Few things say summertime like a warm evening spent with good friends around a pool; there’s just something about it that brings back the best of memories! As someone who likes to live life on the greener side, I have to resign myself to the fact that pools are a guilty pleasure as they fall far short of being eco-friendly. In spite of the reality that pools aren’t green, that doesn’t mean that you can’t do things to inspire a little green credit in your next pool party.
The first place you can look to go green is with your pool pump. Opting to replace your current pump with a more efficient model is not only a good choice for the Earth, it can also help you save money over the long run. In addition, put your pool pump on a timer for added efficiency.

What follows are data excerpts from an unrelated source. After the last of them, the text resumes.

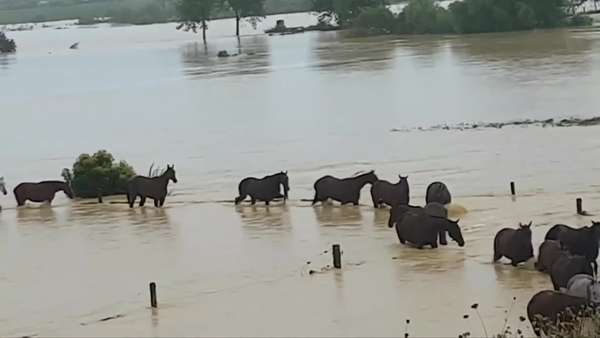 | Đàn ngựa chạy khỏi lũ lụt do mưa lớn ở Đảo Bắc, New Zealand. Ảnh: Onenewspage |
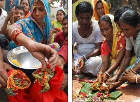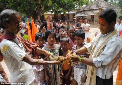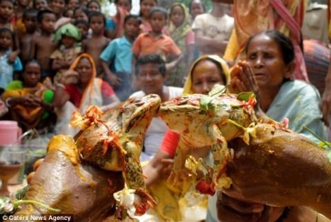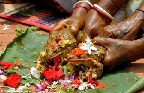 Người dân tại một ngôi làng xa xôi ở Takhatpur (Ấn Độ) đã tổ chức lễ cưới cho một đôi ếch, với hy vọng Thượng đế sẽ mang mưa tới cho ngôi làng của họ.
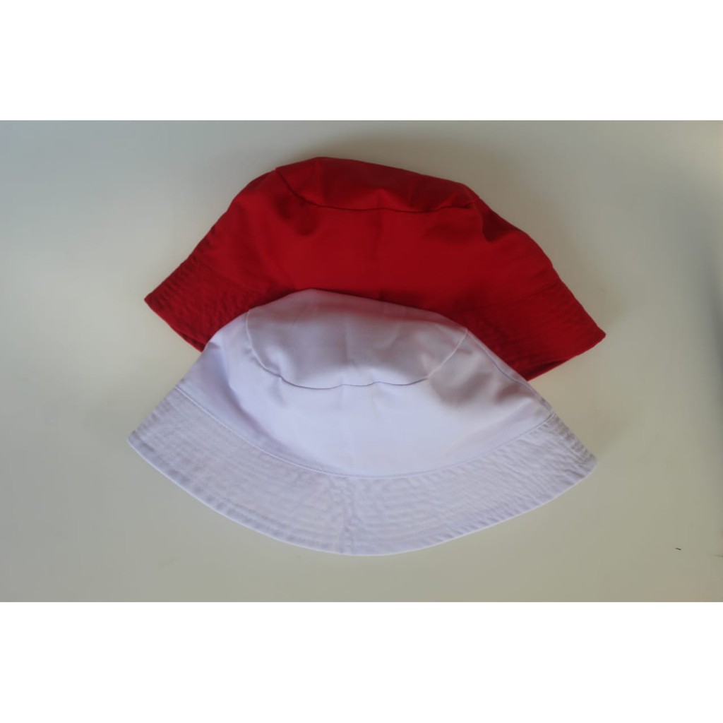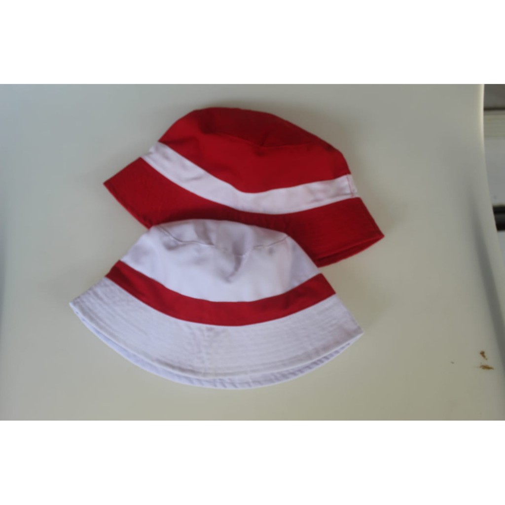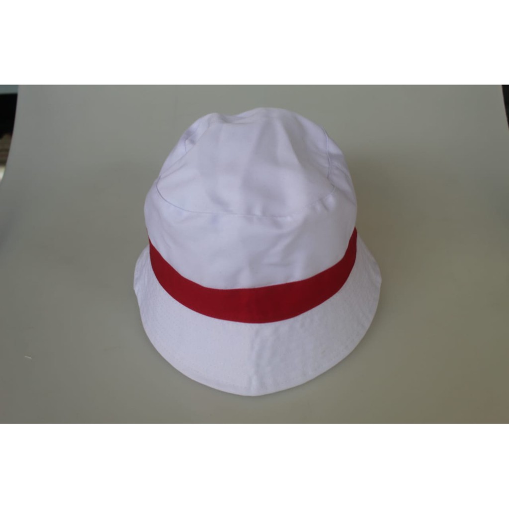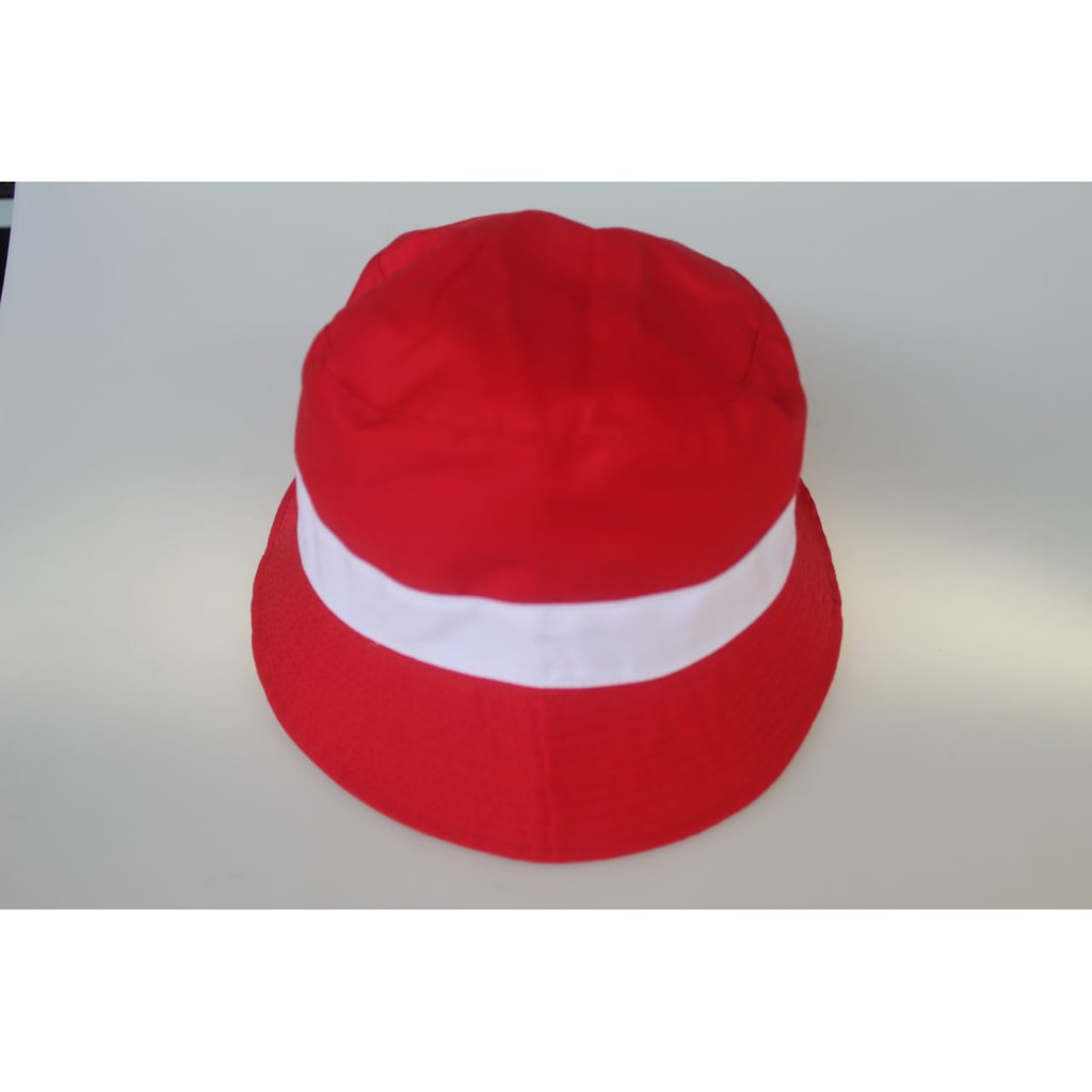 topi bucket hat putih variasi merah topi bulat/merah variasi list putih Diskon

Another place your pool really loses green credit is through its heater. The very nature of water and the shear volume of water in your pool means that constantly heating it will use a lot of energy. Your pool is no different than your home in the winter, the more you crank up the heat, the more electricity you will use. Try turning down the thermostat on your pool, and if that doesn’t make for an inviting swim, try turning it off during those times of the week you are least likely to take a dip.
Another similarity between your home and your pool is that regularly maintaining your systems and cleaning your filters will provide you with greater efficiency and fewer breakdowns. We can all get behind that idea!
Next, consider non-chlorine and limited chlorine systems for keeping your pool clean and disinfected. Chlorine is a toxic gas to humans, and let’s face it, it doesn’t do your skin any favors after a long day of lounging in the pool. Many options require new system installations, but trust me, it’s well worth the investment after experiencing a long soak in a chlorine free pool.
Lastly, the biggest green infraction committed by swimming pools is the volume of water that they use. While this fact can’t be helped, water loss through evaporation can be minimized. Using a fabric pool cover is one way to help keep your pool water where it belongs, but the latest and greatest minds in pool chemistry have brought us liquid pool covers, chemical barriers that are safe for swimmers that act as a top layer, keeping pool water in it’s place.
Just because something is not inherently efficient or eco-friendly doesn’t mean that you can’t make some helpful improvements. Now that we’ve got that covered, I think it’s time for a dip!